#### Input data
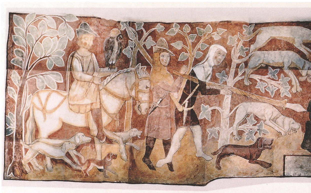
Abb. 4 Darstellung einer Bärenjagd an der Westfront von Schloss Rhäzüns, kurz nach 1350 entstanden (Foto: Kantonale Denkmalpflege, Chur).
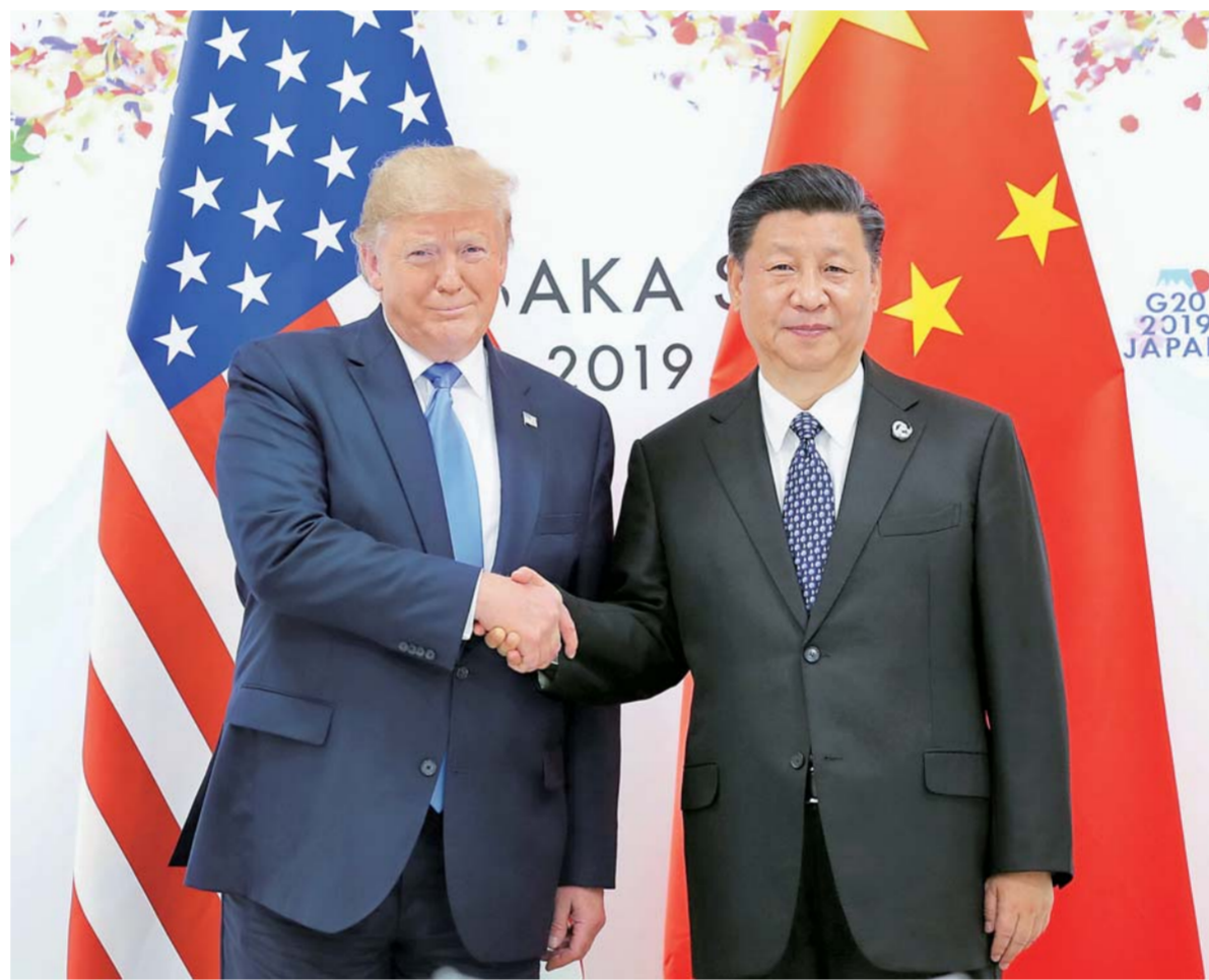
▲6月29日,国家主席习近平同美国总统特朗普在大阪举行会晤。

新华社大阪6月29日电(记者陈贻、霍小光、骆璐)国家主席习近平29日同美国总统特朗普在大阪举行会晤。两国元首就事关中美关系发展的根本性问题、当前中美经贸摩擦以及共同关心的国际和地区问题深入交换意见,为下阶段两国关系发展定向把舵,同意推进以协调、合作、稳定为基调的中美关系。
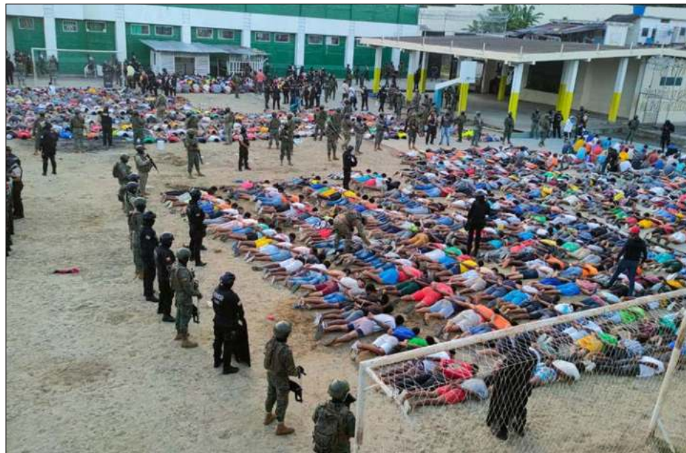
▲ A lo largo de una semana violenta a través de las medidas del gobierno de Daniel Noboa para doblegar al narco, lograron liberar a un total de 201 rehenes.

En medio de la ola de violencia que deja 19 muertos, circulan imágenes de crueles asesinatos de guardias, su-
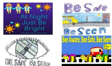
2021 Winning Designs
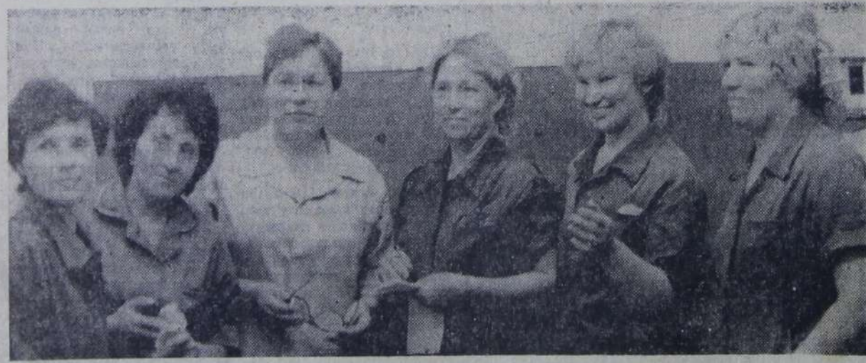
При остановке машина на профилактический или текущий ремонт их следует очистить, снять гарнитуру, а после ремонта — подготовить к работе. С этой задачей отлично справляется коллектив сменщиков гарнитуры, который работает в прядильном цехе кордного производства № 3 объединения «Химволокно».
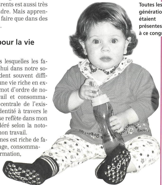
Toutes les générations étaient présentes à ce congrès!

L'OMS a défini en 1957 la dépendance ainsi: «c'est un état d'empoisonne-
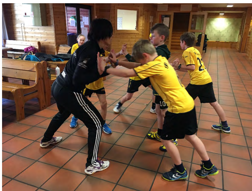
Turnering i Gaupne, «oppvarming»
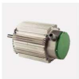
الکترو موتور ۳ سرعته
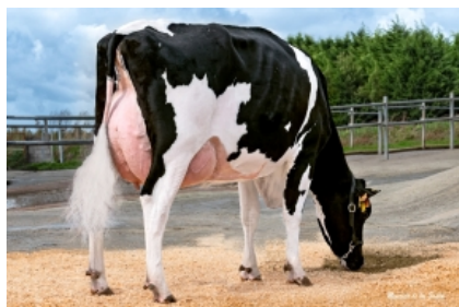
GRILLE MILKTIME 1245 ET Grille S.Coop.Galega - A Coruña
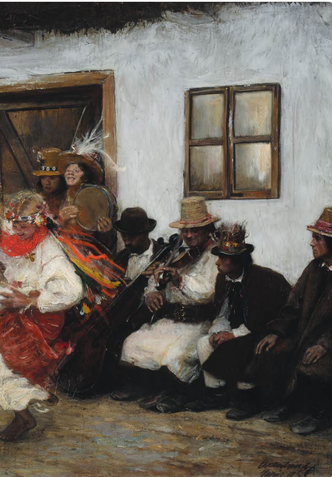
Teodor Axentowicz, Kolomyjka , 1895 r.
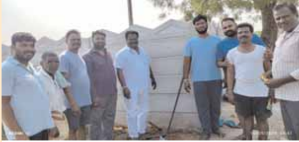
ఎస్సె కాలనీలో హైమాస్ట్ లైట్ ఏర్పాటు
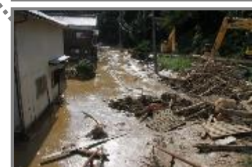
令和6年9月20日からの大雨 珠洲市の河川土砂堆積現場

「大規模災害発生時における地方公共団体の業務継続の手引き」（令和5年5月改定）【内閣府（防災担当）】
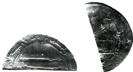
Ryc. 1. Szestno. Dirham al-Manşura. Skala 1,5:1

1. Abbāsīdzi , al-Manşur (136–158 H. = 754–775 r.), dirham, men. [Madīnat as-Salām?], 155 H. (771/2 A.D.), 1,576 g, 23 mm (równo przecięta połówka), ↑ →. Moneta lekko pognięta. Grodzisko, strop warstwy niwelacyjnej, poprzedzającej budowę drewniano-ziemnego wału.
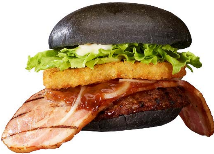
『黒 NINJA(KURO NINJA)』
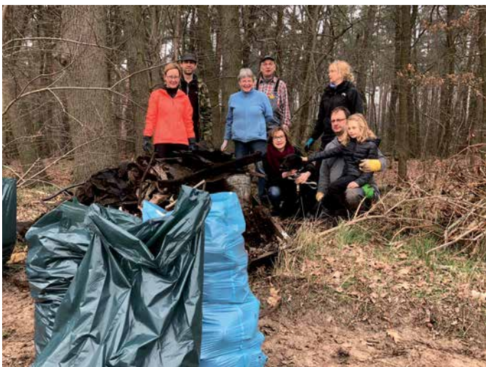
Schon im letzten Jahr wurde aktiv Müll gesammelt.
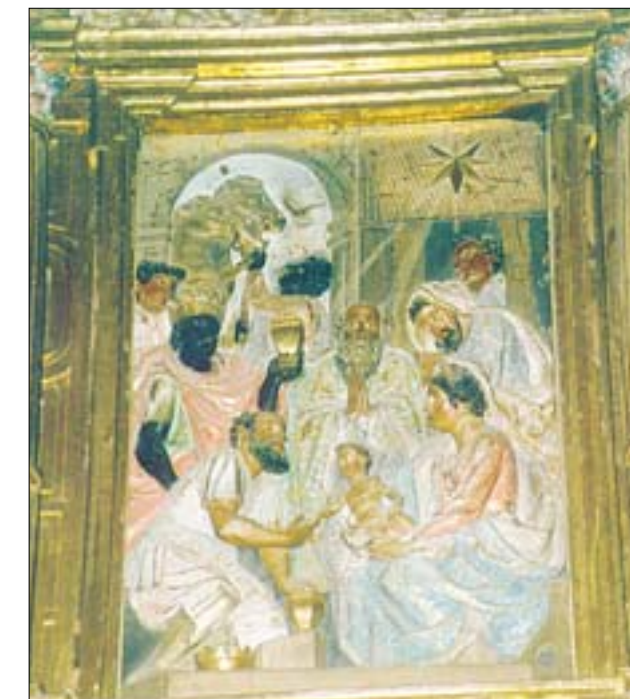
A la izquierda, Epifanía en el retablo mayor. A la derecha, imagen de San Roque, de fines del XVI
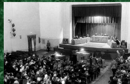
Общая панорама Севастопольского судебного процесса
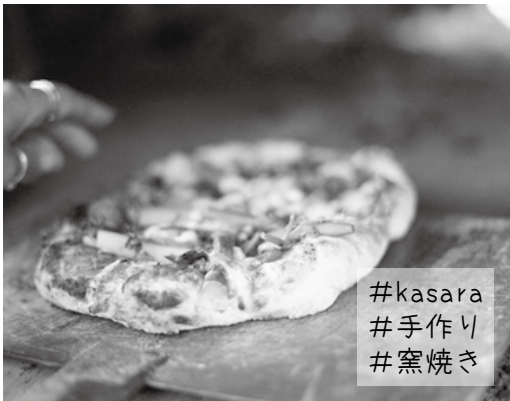
#kasara #手作り #窯焼き

古い小屋の土壁を解体して、その土でピザ釜を作ったのが去年の秋頃。その釜で今年はやパンやピザをいっぱい焼いています。熱々の釜で焼くピザやパンはとても香ばしく、おいしく焼き上がります。ピザを焼くのに最低400℃は要ります。釜の中を覗こうと、顔を近づけ過ぎると前髪と眉毛が焼けたりします。この温度でピザを焼くと、たった3分しかかからないのにしっかりと焼けます。生地の上には、とろけるチーズと旨みのあるトマトソースに、季節の野菜がトッピングされています。一度カサラファームにお越しになってピザを食べてみませんか？（菜畑）
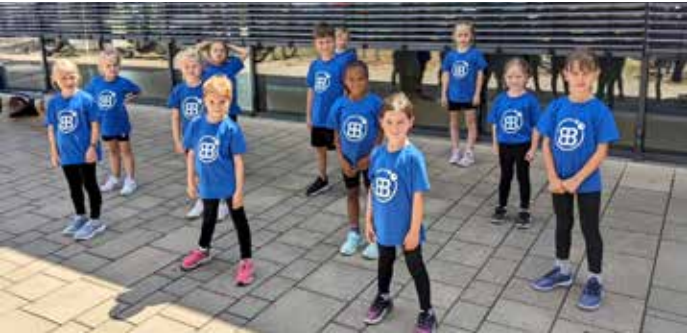
MiniBerries – OpenStage Tanznachmittag in Massenbachhausen

Ihr alle macht diese Gemeinschaft zu etwas Einzigartigem. Wir freuen uns auf die nächsten Herausforderungen, die nächsten Shows und all die Erfolge, die noch vor uns liegen!
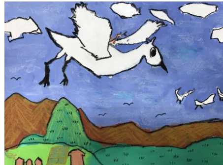
401 葉安哲-吉丁蟲的冒險
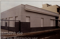
El nuevo ambulatorio será inaugurado la próxima primavera.

Todos tenemos la responsabilidad de fomentar la idea de que la Playa y el pueblo son la misma cosa; en definitiva: Canet d'En Berenguer. Y el Ayuntamiento tiene la obligación de atender los dos núcleos por igual, sin perder de vista que la Playa es el presente y el futuro de Canet.
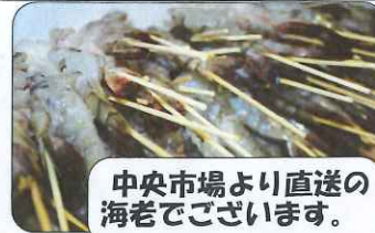
中央市場より直送の海老でございます。
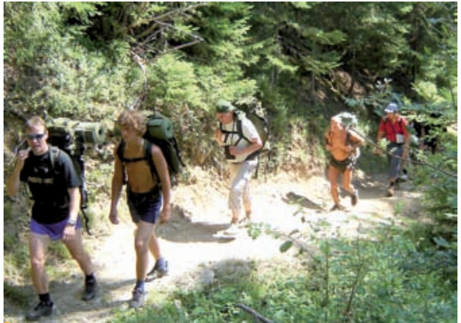
Esimesel aastal tähendab praktiline õpe liikumist mööda radasid, kuid iga aastaga muutub teekond raskemaks.

Mägede tundmine tagab sõjaväelastele oskuse maastikku hinnata. Valida tuleb kergem tee ja osata hinnata, kus võib tekkida oht, et
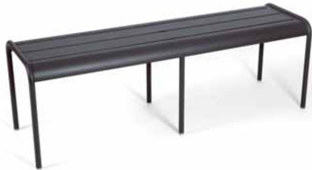
4110 Bench 3/4 places Bank 3/4 Personen
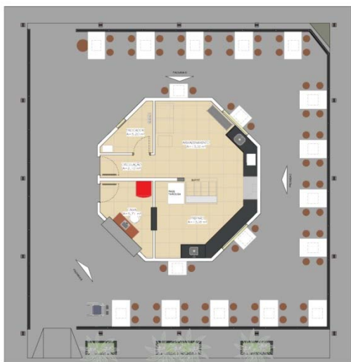
① Layout ESCALA - 1 : 50
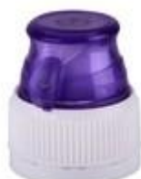
TU 30/36 3T MIB (7432)
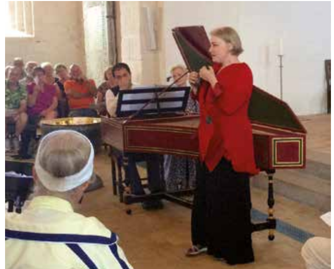
Sommerkoncert ved Michala Petri.
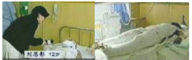
气管切开还能说、唱？记者采访不穿防护服，不戴口罩。
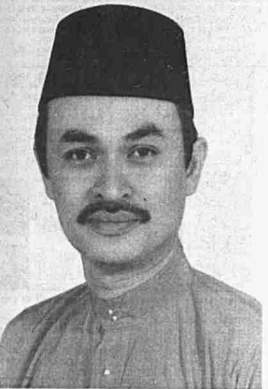
DATUK ABDULLAH AHMAD BADAWI

"INTAN telah memberi suatu sumbangan besar ke arah meningkatkan kecakapan dan daya pengelirahan dalam perkhidmatan awam. INTAN telah berkembang daripada sebuah institusi kecil kepada sebuah yang besar sebagai satu 'response' kepada keperluan latihan untuk pegawai dan kakitangan kerajaan.
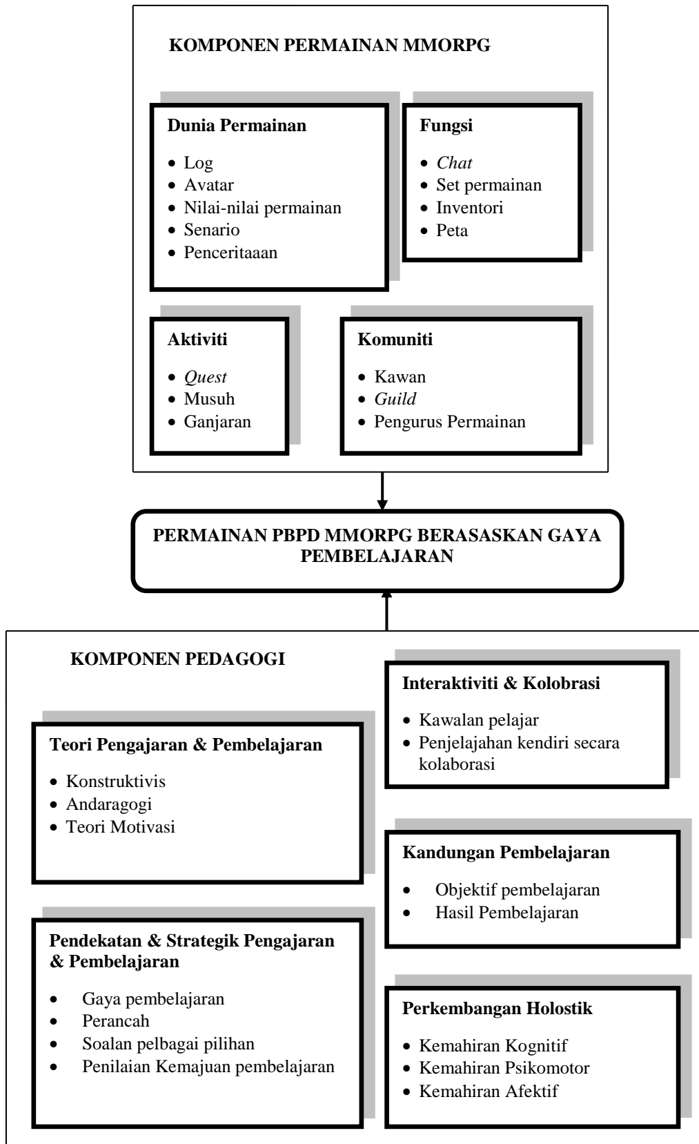
RAJAH 1. Rangka kerja KK-IPGame
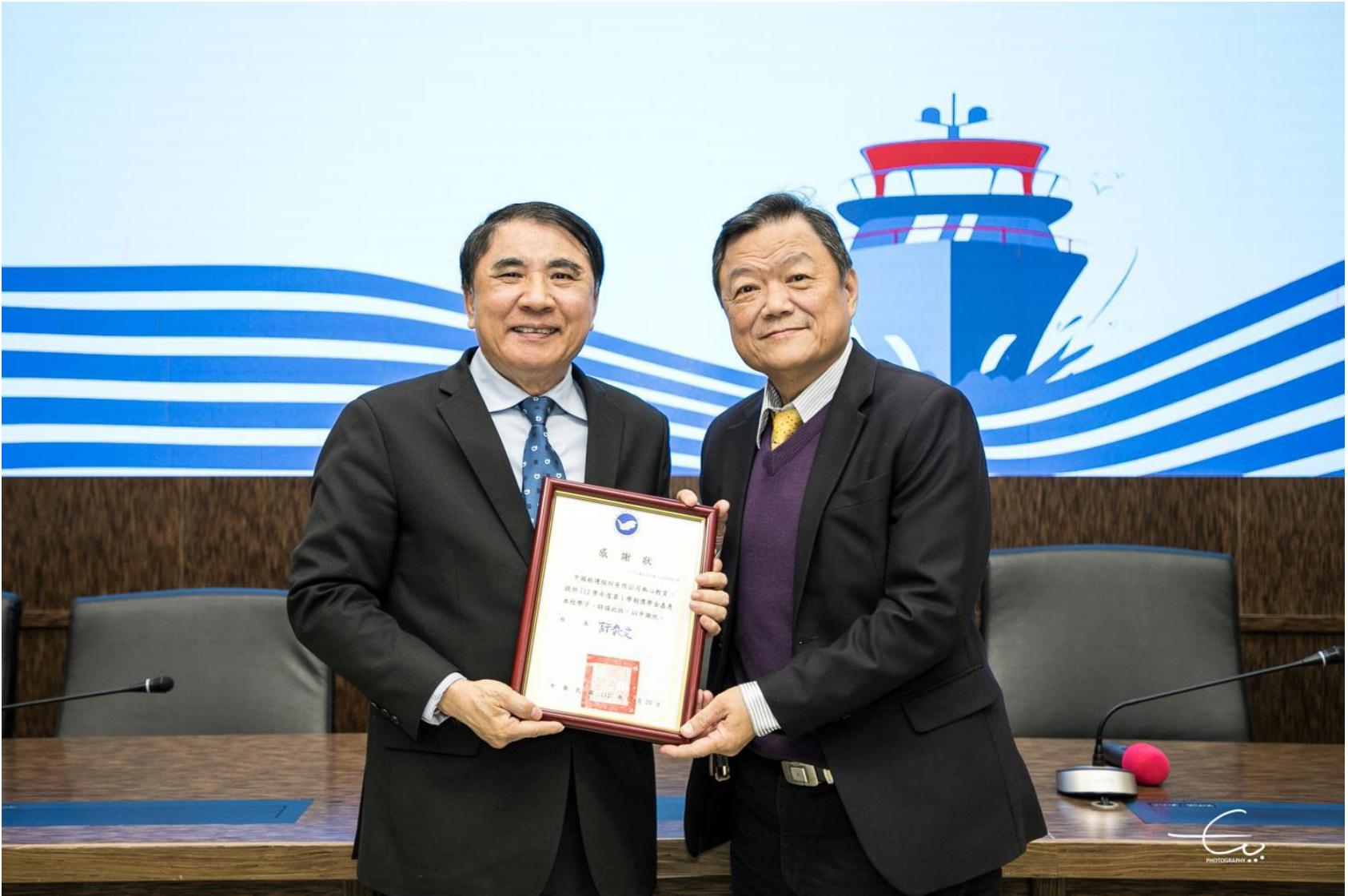
112 年 12 月 20 日海洋大學致贈中航感謝狀
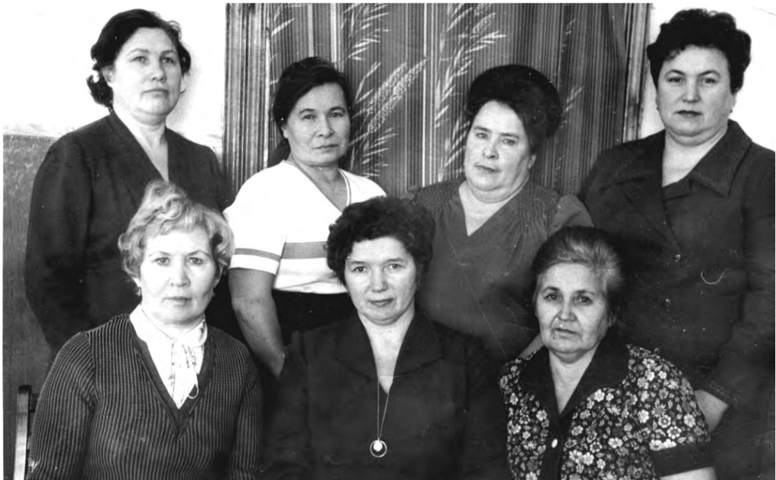
1986 г. 80 лет Талицкому хлебокомбинату. Ветераны труда.
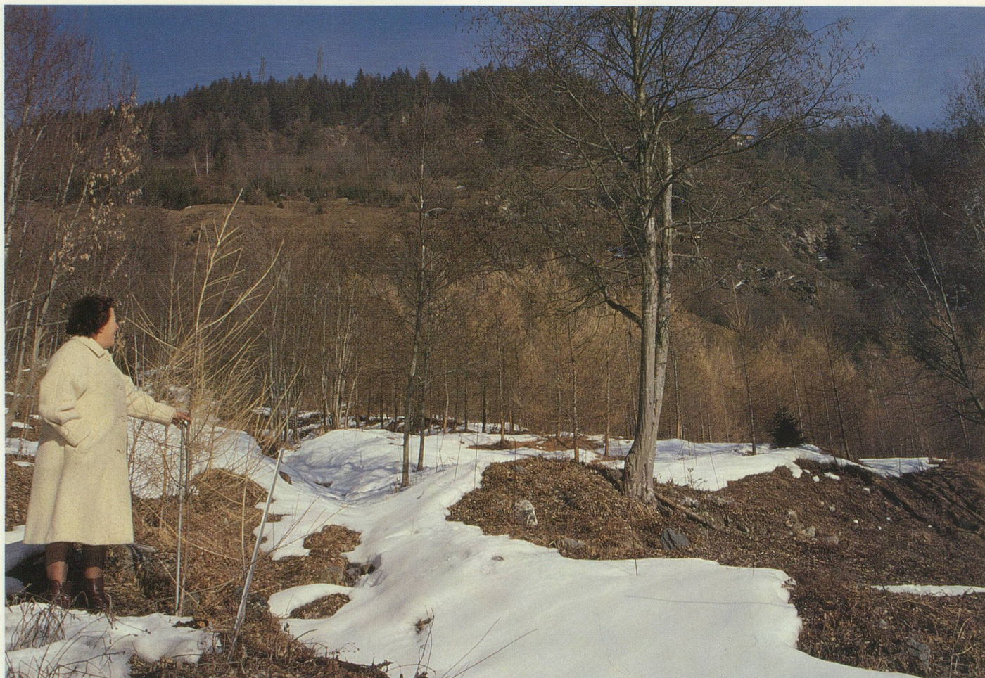
A la forêt des Epeney... un véritable travail de garde-forestier!
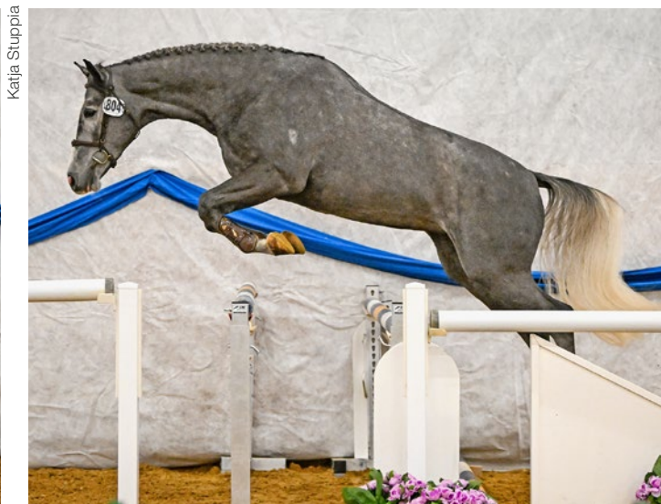
Der Schimmelhengst Cristobal K CH wurde Zweiter im Freispringen. L'étalon gris Cristobal K CH s'est classé deuxième au Saut en liberté.
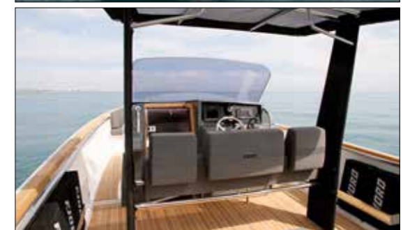
Cet in-board, essayé en version standard, n'était pas équipé de l'option cuisine. Un large espace est laissé vacant sous le T-top.

se montre nettement plus nerveuse en navigation, en conférant au barreur de bonnes sensations en optimisant l'assiette du bateau à l'aide du trim. Soulignons que, de manière générale, le bateau offre un comportement général
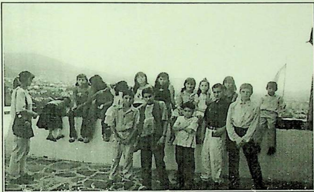
Під час екскурсії до Мукачівського замку. 2002 рік.
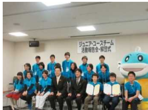
ジュニアユースチーム

○新生美術館におけるサポーター人材の育成のため、社寺などで歴史遺産の魅力を訪者に伝える講座を実施（H28 継続）
########
◆ Problem to work on
The lines from the top of the data above through the one holding "2021 Winning Designs" are to be repeated exactly, and only those, with no pictures.

◆ Exercise solution
Abb. 4 Darstellung einer Bärenjagd an der Westfront von Schloss Rhäzüns, kurz nach 1350 entstanden (Foto: Kantonale Denkmalpflege, Chur).
▲6月29日,国家主席习近平同美国总统特朗普在大阪举行会晤。

新华社大阪6月29日电(记者陈贻、霍小光、骆璐)国家主席习近平29日同美国总统特朗普在大阪举行会晤。两国元首就事关中美关系发展的根本性问题、当前中美经贸摩擦以及共同关心的国际和地区问题深入交换意见,为下阶段两国关系发展定向把舵,同意推进以协调、合作、稳定为基调的中美关系。
▲ A lo largo de una semana violenta a través de las medidas del gobierno de Daniel Noboa para doblegar al narco, lograron liberar a un total de 201 rehenes.

En medio de la ola de violencia que deja 19 muertos, circulan imágenes de crueles asesinatos de guardias, su-
2021 Winning Designs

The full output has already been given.